A single failed check does not trigger an alert. The check must fail **N times in a row** (configured by `--failures`, default 2). This avoids false alarms from network blips or brief deploys.

```diagram
  check 1: ✓ pass
  check 2: ✗ fail    ← failure count: 1
  check 3: ✗ fail    ← failure count: 2 → alert sent
  check 4: ✗ fail    ← within cooldown, no re-alert
  check 5: ✓ pass    ← recovery alert sent
```

### Recovery alerts

When a check transitions from **failing to passing** after an alert was sent, Strada sends a **recovery notification** so you know the issue resolved. No action needed; recovery alerts are automatic.

### Cooldown

After an alert fires, Strada waits `--cooldown` minutes (default 60) before sending another alert for the same check. This prevents notification spam during extended outages.

### Auto-disable

If a check has been failing continuously for longer than `--auto-disable-hours` (default 24 hours), Strada **automatically disables it** and sends a final notification. This prevents filling your database with thousands of identical failure rows from a decommissioned service or misconfigured URL.

Re-enable with:

```bash
strada checks enable <id>
```

***

## What gets stored on failure

When a check fails, Strada stores the **response body** (truncated to 16KB) and **all response headers** (except `set-cookie`). This means an agent or human debugging the outage can see exactly what the server returned.

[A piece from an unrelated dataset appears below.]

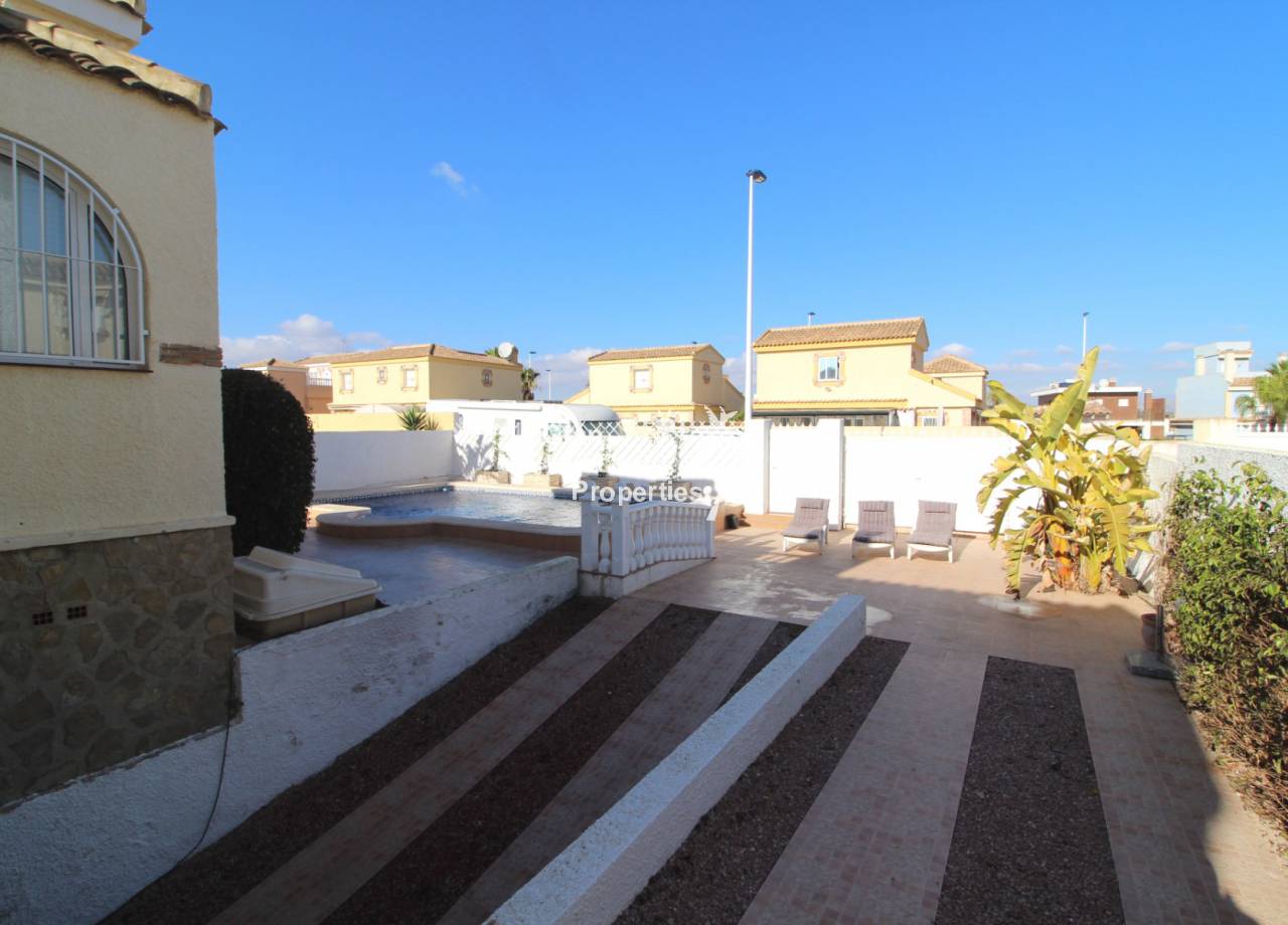 En el exterior, el jardín de bajo mantenimiento (400 m²) ofrece mucho espacio para entretenerse o disfrutar del sol español durante todo el año. Lo mejor de todo es la piscina privada perfecta para refrescarse en esos calurosos días de verano. La belleza de esta casa es que puedes caminar alrededor de ella, así que tienes acceso de 360 grados, esto significa que siempre tendrás sol y sombra en algún lugar de tu jardín en algún momento del día.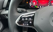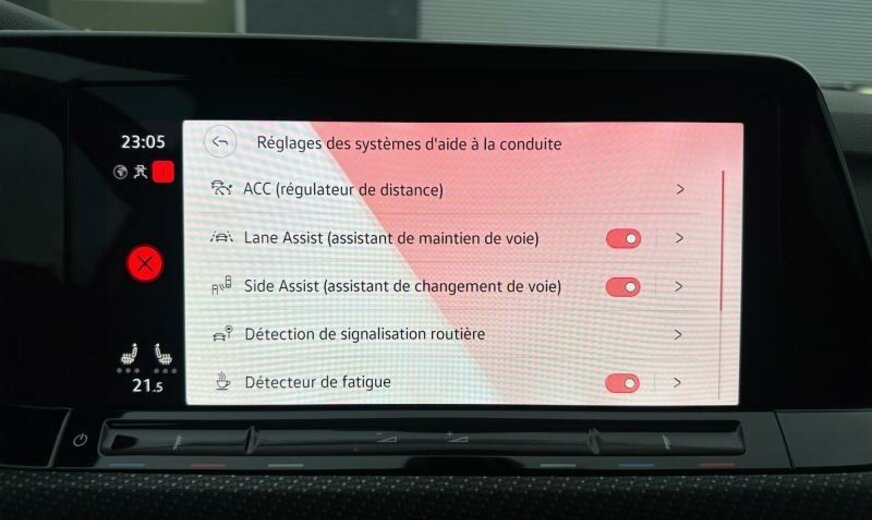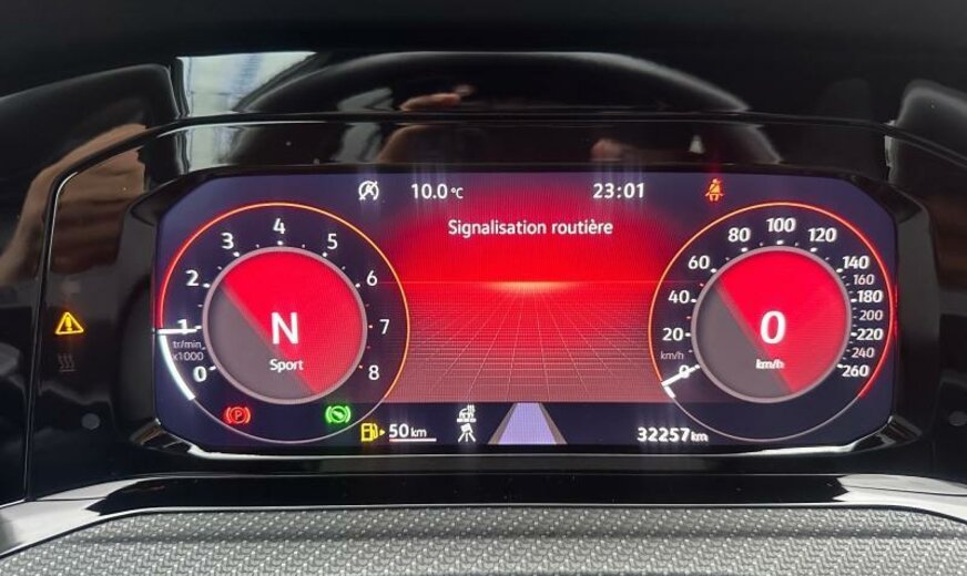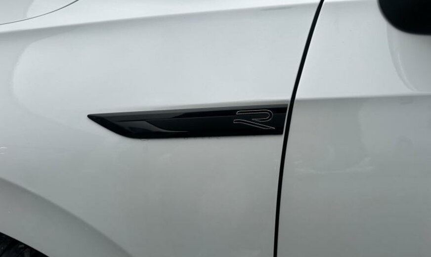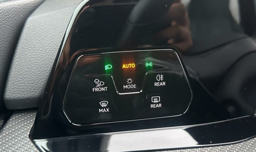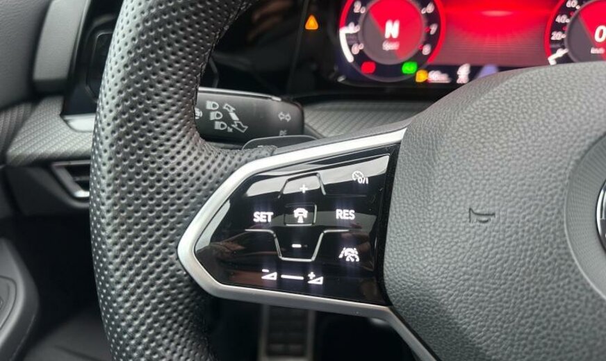 pack Chrome, lunette ar et vitres latérales ar foncées, grille de calandre et poignées de portes éclairées, glace du rétroviseur conducteur asphérique, antenne AM/FM, Car2X communication, services Online, interface téléphonique Comfort, garnissage tissu gris \\\"Sardegna\\\", siège passager réglable en hauteur, boulons de roue avec antivol, avertisseur d\\\'oubli du port des ceintures av/ar, accoudoir central ar, pédales en aluminium, 1498 cc 1,5 L 110 KW, 7 vitesses DSG, suspension ar à 4 bras, suspension sport, blocage électronique du différentiel, entretien à intervalle flexible Long Life QI6, JANTES 7,5J X 18 ALU, roue de secours temporaire, ceintures de sécurité ar avec prétensionneurs, caméra frontale pour assistant à la conduite, assistant de trajectoire avec assistant de files, transmission hybride M-HEV, freins av 288x25, freins ar 272x10, Front Assist, R-Line, réservoir à charbon actif EVAP , 3 couches nacrée

Successful checks store only the status code and latency. No body or headers.

### Querying check results

Health check results live in the `otel_health_checks` ClickHouse table. Query them with SQL:

```bash
# Recent failures for a specific URL
strada query "
  SELECT Timestamp, StatusCode, LatencyMs, ErrorMessage
  FROM otel_health_checks
  WHERE Success = 0
  ORDER BY Timestamp DESC
  LIMIT 20
"

# Availability percentage over the last 30 days
strada query "
  SELECT
    countIf(Success = 1) * 100.0 / count() AS availability_pct
  FROM otel_health_checks
  WHERE Url = 'https://api.example.com/health'
  AND Timestamp >= now() - INTERVAL 30 DAY
  LIMIT 1
"

# Latency percentiles
strada query "
  SELECT
    quantile(0.5)(LatencyMs) AS p50,
    quantile(0.95)(LatencyMs) AS p95,
    quantile(0.99)(LatencyMs) AS p99
  FROM otel_health_checks
  WHERE Url = 'https://api.example.com/health'
  AND Timestamp >= now() - INTERVAL 24 HOUR
  LIMIT 1
"

# Read the response body from the last failure
strada query "
  SELECT Timestamp, StatusCode, ResponseBody
  FROM otel_health_checks
  WHERE Success = 0
  AND Url = 'https://api.example.com/health'
  ORDER BY Timestamp DESC
  LIMIT 1
"
```

***

## Common workflows

### Monitor a production API

```bash
# Create the check
strada checks create \
  --url https://api.example.com/health \
  --name "Production API"

# Make sure you have alert destinations
strada alerts add --channel email --to oncall@example.com
strada alerts add --channel webhook --to https://hooks.slack.com/services/...
```

### Monitor multiple services

```bash
strada checks create --url https://api.example.com/health --name "API"
strada checks create --url https://example.com --name "Marketing site"
strada checks create --url https://app.example.com/health --name "Dashboard"
strada checks create --url https://ws.example.com/health --name "WebSocket server" --timeout 3000
```

### Check a non-standard health endpoint

Some services return 204, 301, or other non-2xx status codes from health endpoints:

```bash
# Accept 200-399 as healthy (includes redirects)
strada checks create \
  --url https://legacy.example.com/ping \
  --name "Legacy service" \
  --status-min 200 \
  --status-max 399
```

### Disable auto-disable for critical checks

For checks you never want automatically disabled (even if they fail for days), set `--auto-disable-hours 0`:

```bash
strada checks create \
  --url https://payments.example.com/health \
  --name "Payment gateway" \
  --auto-disable-hours 0
```

***

## Alert destinations

Health checks share the same destination system as error alerts. One destination can receive both error alerts and health check alerts.

See [Alerts and Destinations](/docs/alerts) for the full guide on setting up email, webhook, and Slack destinations.